Program Counter Fig -4: Program Counter
Program counter is a special purpose register which stores the address of the next instruction to be executed. Microcontroller increments the program counter whenever an instruction is being executed, so that the program counter points to the memory address of the next instruction to be executed. The inputs to the program counter are input(4 bit), opcode(4 bit), pc_enable, pc_reset and a_zero_status. Output of program counter is given as the 4 bit address to ROM.
Program Memory
Fig -5: Program ROM
The program is stored inside a 16*8 ROM. It is positive edge triggered. The inputs to the ROM are addr and rom_enable. addr is a 4 bit address. Opcode is stored in the memory location given by this addr. When rom_enable is high, this opcode will be available at the output pin dout.
Instruction Register
Fig -6: Instruction Register
Instruction register is an 8-bit register just like every other register of microcontroller. The instruction may be anything like adding two data, moving data etc. When such an instruction is fetched from memory, it is directed to instruction register. So the instruction registers are specifically to store the instructions that are fetched from memory.
Timing and Control Unit
Timing and control unit is a very important unit as it synchronizes the registers and flow of data through various registers and other units. This unit consists of an oscillator and controller sequencer which sends control signals needed for internal and external control of data and other units.
I/O Interface
An I/O interface is required whenever the I/O device is driven by the processor. The interface must have necessary logic to interpret the device address generated by the processor. If different data formats are being exchanged, the interface must be able to convert serial data to parallel form and vice-versa. There are direct and register MOV operations. In direct addressing, the content of the specified address is moved to the accumulator. In register addressing, the contents of the source register is moved to the destination register (either A to B or vice versa).
STATE DIAGRAM
The IN instruction inputs a value and stores it into A. The IN state waits for the Enter key signal before looping back to the START state. In doing so, several values can be read in correctly by having multiple input statements in the program. Notice that after the Enter signal is asserted, there is a zero state that waits for the Enter signal to be de-asserted, i.e. for the Enter key to be released.

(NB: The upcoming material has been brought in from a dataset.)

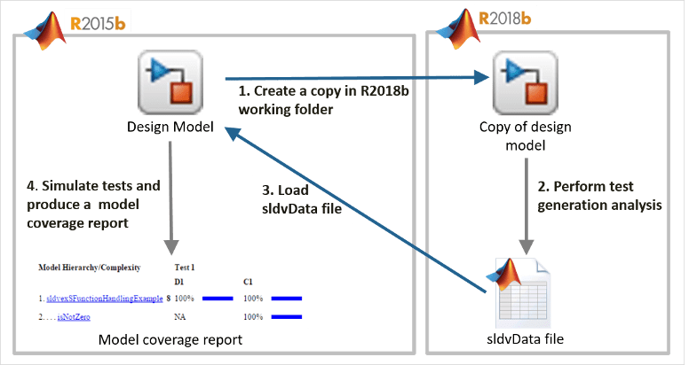 Чтобы расширить охват модели, созданной в более ранней версии, используйте рабочий процесс создания теста или рабочий процесс создания кода. Вы можете использовать новейшие возможности выпуска Simulink ® Design Verifier™ для создания тестовых примеров для конструкции на основе модели.

The OUT instruction copies the content of the accumulator to the output port.
The JMP instruction loads the PC with the specified address of the IR. The JZ instruction loads the PC with the specified address if A is zero. Loading the PC with a new address simply causes the CPU to jump to this new memory location. The JNZ (Jump Not Zero) instruction tests to see if the value in A is equal to 0 or not. If A is equal to 0, then nothing is done. If A is not equal to 0, then the last four bits of the instruction, designated as addr in the encoding, is loaded into the PC. The four bits, addr, represent a memory address. When this value is loaded into the PC, we are essentially performing a jump to this new memory address, since the value stored in the PC is the location for the next fetch operation.
NOP instruction performs no operation.
The INC and DEC instructions increment and decrement the content of A by 1 respectively, and store the result back into Accumulator.
Once the FSM enters the HALT state, it unconditionally loops back to the HALT state, giving the impression that the CPU has halted. Table - Here two eight bit numbers at alu input pins reg_a_data_in (00001110) and reg_b_data_in (00000001) are added together and the result (00001111) appears in the output pin a_move. 
Simulation Result for Addition
SYNTHESIS RESULTS
Design Summary
CONCLUSIONS
In this paper, the design and the development of a basic 8-bit microcontroller has been discussed.